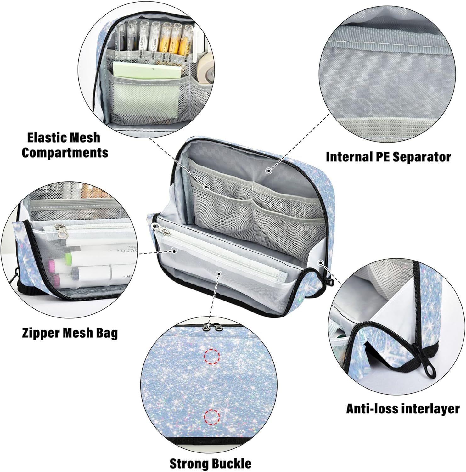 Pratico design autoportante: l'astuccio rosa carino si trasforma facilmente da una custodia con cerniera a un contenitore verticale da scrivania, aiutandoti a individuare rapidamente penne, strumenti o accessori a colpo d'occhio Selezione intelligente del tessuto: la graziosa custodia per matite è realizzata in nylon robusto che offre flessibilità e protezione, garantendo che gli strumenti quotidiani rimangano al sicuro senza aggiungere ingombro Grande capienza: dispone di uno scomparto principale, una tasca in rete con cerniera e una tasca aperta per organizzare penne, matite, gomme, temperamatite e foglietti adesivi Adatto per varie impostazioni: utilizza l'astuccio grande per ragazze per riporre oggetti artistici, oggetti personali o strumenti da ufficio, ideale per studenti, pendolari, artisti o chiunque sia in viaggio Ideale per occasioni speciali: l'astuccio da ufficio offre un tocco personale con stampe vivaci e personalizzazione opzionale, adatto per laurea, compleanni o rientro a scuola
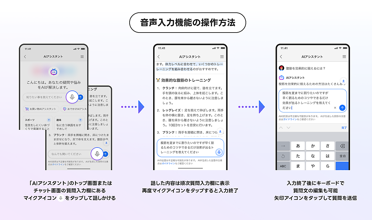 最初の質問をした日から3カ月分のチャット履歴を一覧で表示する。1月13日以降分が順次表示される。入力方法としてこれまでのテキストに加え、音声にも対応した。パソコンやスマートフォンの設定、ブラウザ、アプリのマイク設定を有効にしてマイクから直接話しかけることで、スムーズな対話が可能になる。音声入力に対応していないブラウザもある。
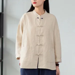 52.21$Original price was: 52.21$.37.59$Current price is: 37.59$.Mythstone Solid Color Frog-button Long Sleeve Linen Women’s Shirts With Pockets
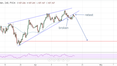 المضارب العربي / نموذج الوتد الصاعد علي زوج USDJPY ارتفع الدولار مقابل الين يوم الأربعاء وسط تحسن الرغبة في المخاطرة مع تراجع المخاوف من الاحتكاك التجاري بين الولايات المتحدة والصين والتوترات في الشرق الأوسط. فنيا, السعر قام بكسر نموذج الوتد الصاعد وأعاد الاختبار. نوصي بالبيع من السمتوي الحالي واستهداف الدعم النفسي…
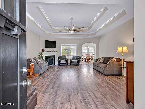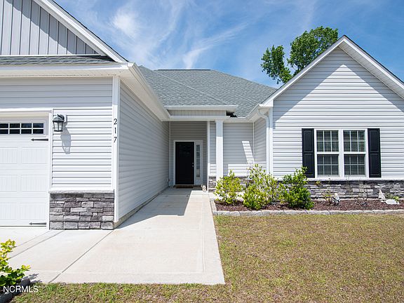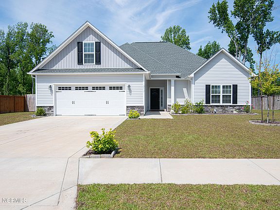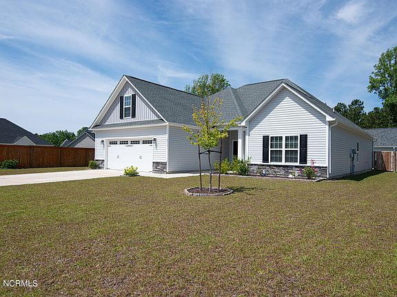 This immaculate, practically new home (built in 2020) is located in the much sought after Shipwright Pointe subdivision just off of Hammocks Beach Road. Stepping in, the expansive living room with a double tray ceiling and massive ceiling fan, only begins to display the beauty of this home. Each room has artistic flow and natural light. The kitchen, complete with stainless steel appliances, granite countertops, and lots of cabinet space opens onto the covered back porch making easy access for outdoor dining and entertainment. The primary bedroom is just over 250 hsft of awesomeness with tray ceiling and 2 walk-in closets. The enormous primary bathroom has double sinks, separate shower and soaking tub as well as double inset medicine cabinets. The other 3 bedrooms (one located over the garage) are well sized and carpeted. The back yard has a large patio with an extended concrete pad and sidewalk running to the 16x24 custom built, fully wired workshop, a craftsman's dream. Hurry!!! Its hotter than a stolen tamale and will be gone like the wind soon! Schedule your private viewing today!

━━━━━━━━━━

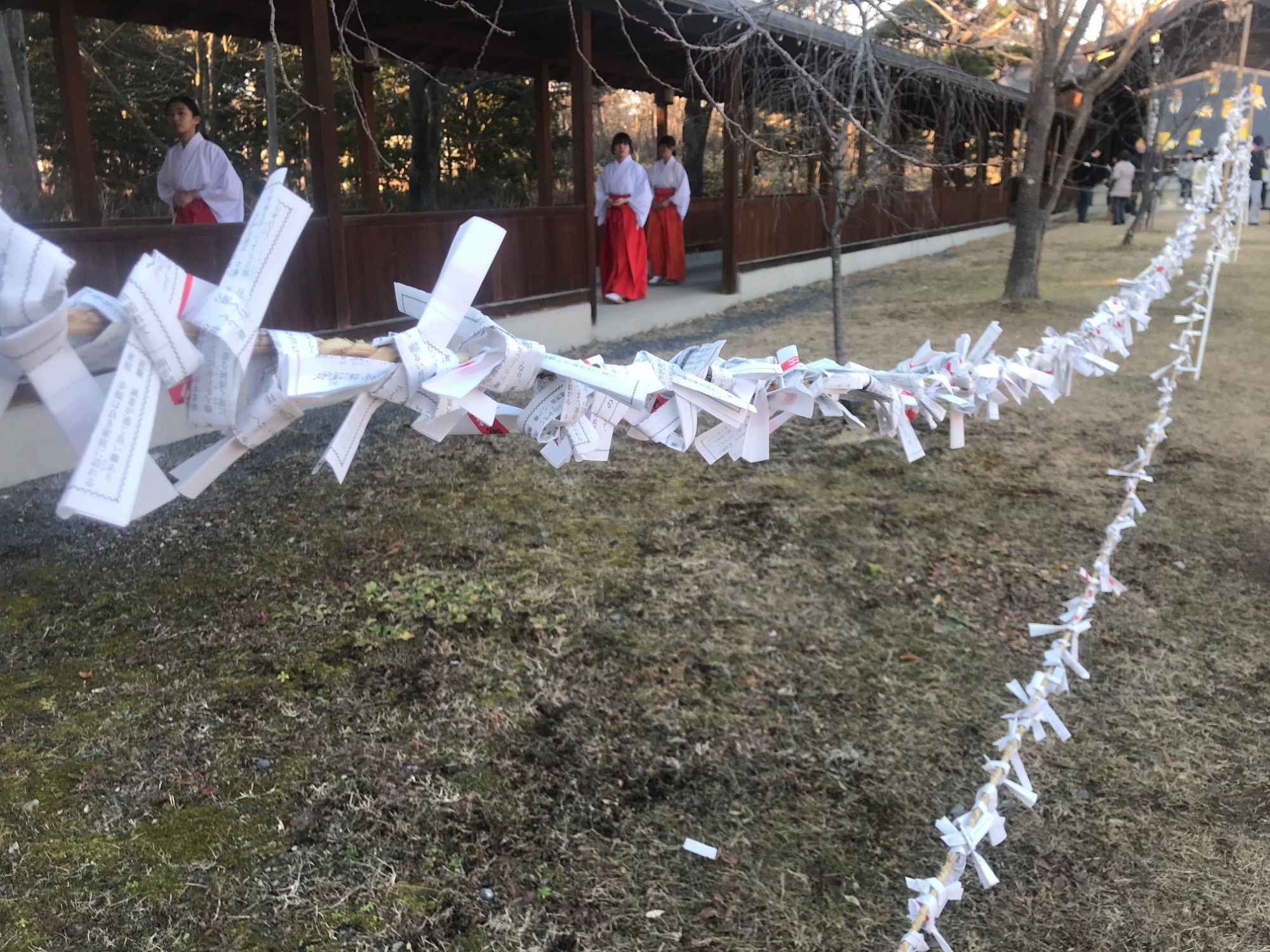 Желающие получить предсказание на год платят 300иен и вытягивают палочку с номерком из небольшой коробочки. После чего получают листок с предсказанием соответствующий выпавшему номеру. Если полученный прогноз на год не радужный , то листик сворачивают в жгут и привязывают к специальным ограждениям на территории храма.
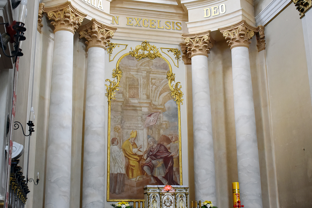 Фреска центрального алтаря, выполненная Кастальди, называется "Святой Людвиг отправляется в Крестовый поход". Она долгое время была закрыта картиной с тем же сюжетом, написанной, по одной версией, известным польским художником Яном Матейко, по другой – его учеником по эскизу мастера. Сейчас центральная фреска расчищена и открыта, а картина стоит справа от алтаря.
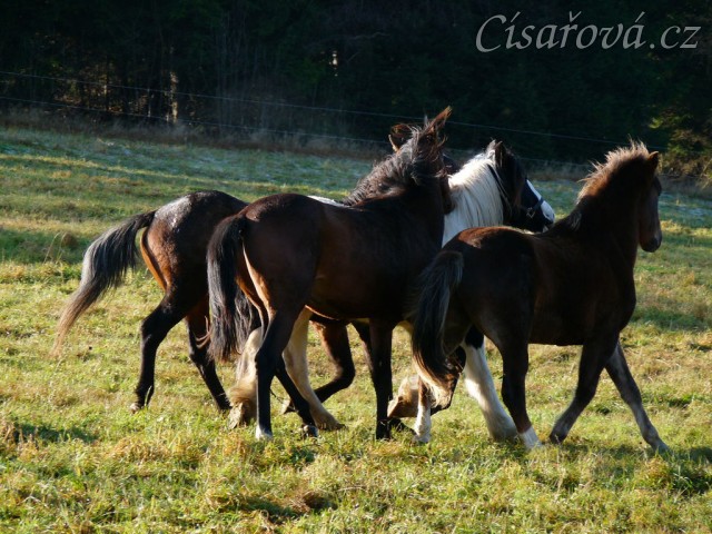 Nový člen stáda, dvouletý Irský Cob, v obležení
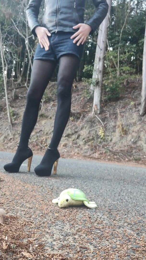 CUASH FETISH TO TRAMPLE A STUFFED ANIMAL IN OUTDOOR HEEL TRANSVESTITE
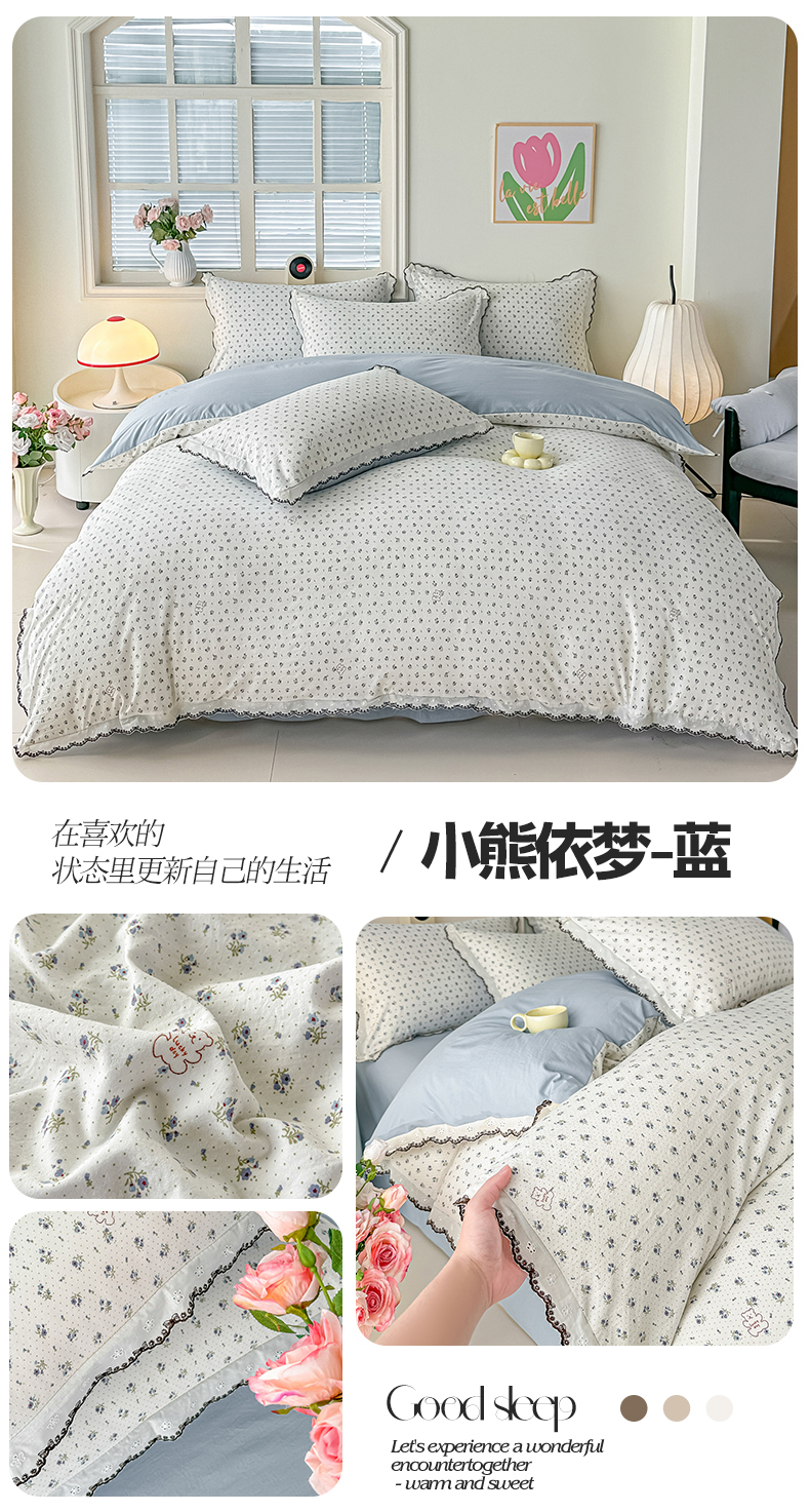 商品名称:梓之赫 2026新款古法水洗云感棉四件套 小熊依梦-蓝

━━━━━━━━━━

What you should do
All lines above from the one containing "Фреска центрального алтаря, выполненная" up to and including the one containing "商品名称:梓之赫 2026新款古法水洗云感棉四件套 小熊依梦-蓝" are to be set down exactly, and nothing else. Leave images out.

Answer for this exercise
 Фреска центрального алтаря, выполненная Кастальди, называется "Святой Людвиг отправляется в Крестовый поход". Она долгое время была закрыта картиной с тем же сюжетом, написанной, по одной версией, известным польским художником Яном Матейко, по другой – его учеником по эскизу мастера. Сейчас центральная фреска расчищена и открыта, а картина стоит справа от алтаря.
 Nový člen stáda, dvouletý Irský Cob, v obležení
 CUASH FETISH TO TRAMPLE A STUFFED ANIMAL IN OUTDOOR HEEL TRANSVESTITE
 商品名称:梓之赫 2026新款古法水洗云感棉四件套 小熊依梦-蓝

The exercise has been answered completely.